The Anderson Silva rope-a-dope continues. Just a few days after softening his stance on fighting Jon Jones, the UFC champion’s manager is still gunning for a Georges St-Pierre Superfight. Apparently one of these guys did not the memo.
Silva’s manager Ed Soares was a guest this week on Inside MMA. Soares is singing a bit a different tune than his main client sang last week. Silva downplayed the GSP fight and gave his first indication that he was at least open to fighting Jon Jones at catch weight. Soares on the other hand is still focused on getting his hands on a GSP vs. Silva pay day.
“At the end of the day, GSP is the greatest welterweight of all time,” Soares said. “People argue back and forth who the greatest pound-for-pound fighter in the world is. Some people say it’s Anderson, some people say it’s Georges St-Pierre. So I think the way to settle it is to do a catch weight at 177 1/2, right down the middle, and see what happens.
I think it’ll be a fight that the fans want to see and it’ll be a great fight.”
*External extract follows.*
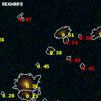 Black segments are analyzed here. Roll mouse over color images to view segments. Best viewed in a wide browser window (1200 pixels or more). Download SED & P(z) plots to view larger versions.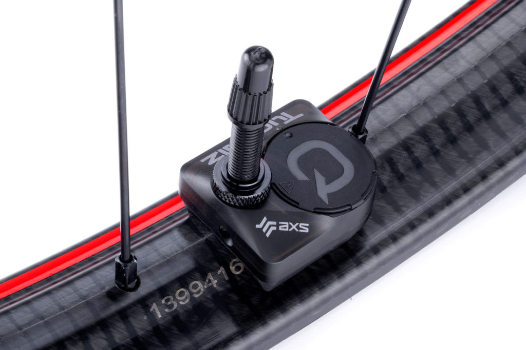 Ici, l’idée est de dire que c’est bien beau de rouler avec des jantes à la pointe de la technologie, mais cela ne sert pas à grand chose si la pression dans les pneus n’est pas correcte. Le principe est simple : les TyreWiz sont connectés à une application (qui disparaitra bientôt pour être intégrée à l’app AXS) qui permet de définir sa pression idéale pour chaque pneu, et une plage de X bars/psi dans laquelle on estime qu’il est acceptable de rouler.

It is certainly an interesting fight I’ll give him that. I am also intrigued with his offer to go down to 177 1/2, but I don’t know if that will be enough to get the fight signed. GSP has said numerous times that he doesn’t want to fight any heavier than 170. Silva has said that he would drop to 170 for the fight so this new 177 1/2 catch weight is maybe a last ditch effort to reel in their big fish.
I thought Soares’ answer for other future fights was interesting as well. Talk about a guy that is all over the place here.
“Who knows what’s next. Maybe after (a possible fight with St-Pierre), who knows. A possibility it could be (Jon Jones), or maybe even Bisping,” Soares said. “There are so many different fighters out there that could potentially be big fights.”
It sounds to me that the UFC and Silva are starting to prepare for life without a GSP vs. Silva Superfight. Silva’s manager has millions of obvious reasons to push for it and maybe he’ll get it at 177 1/2. I just wouldn’t count on it at this point.